If you adopted from a Calgary rescue
Most Calgary cat adopters come through one of a handful of rescues. Each runs a slightly different post-adoption support model. If you have a question that isn't answered here, the rescue is the right first call: MEOW Foundation, Calgary Humane Society, AARCS, Pawsitive Match, and Heaven Can Wait all keep adoption coordinators on email for the first weeks after a placement. For a vet visit during business hours, use the clinic you registered at the adoption. For after-hours emergencies, a Calgary 24-hour vet (directional reference, confirm one near your neighbourhood) is the right call.
If you adopted a kitten under 6 months, the supply list and feeding cadence differ. Read our new kitten checklist (Calgary) alongside this guide. For the broader adoption process, see How to adopt a cat in Calgary.
Frequently asked questions
My rescue cat is hiding and won't come out. Is this normal?
Yes, completely normal. Most rescue cats hide for the first 3-7 days. Some hide for 2 weeks. Don't pull them out. Sit quietly in the room and let them come to you. Eating, drinking, and litter use are the signs that matter.
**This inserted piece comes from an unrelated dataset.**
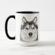 Caneca personalizada para seu Husky Siberiano. Personalizar com a imagem e o nome do seu cão; as fontes, cores e a cor da caneca também podem ser alteradas.
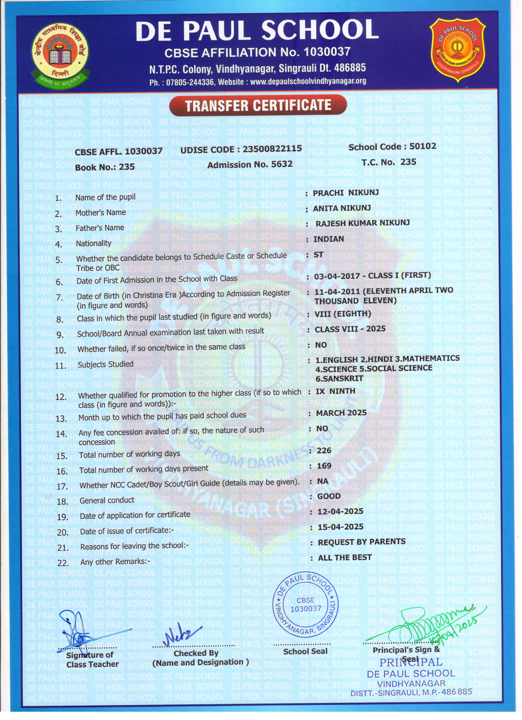 Transfer Certificate of PRACHI NIKUNJ 5632

My new cat isn't eating. Should I be worried?
A rescue cat skipping food for 24 to 48 hours is normal stress response. After 48 hours of zero food, call the rescue or a vet. Use the same food brand the rescue used, leave food in a quiet area, try warm wet food on a saucer, and don't hover while they try to eat.
When can I introduce my new cat to my existing pets?
Start scent-swapping on day 3-7. Visual contact through a baby gate or cracked door at week 2. Supervised face-to-face only after 2-4 weeks. Rushing this step is the #1 cause of failed adoptions.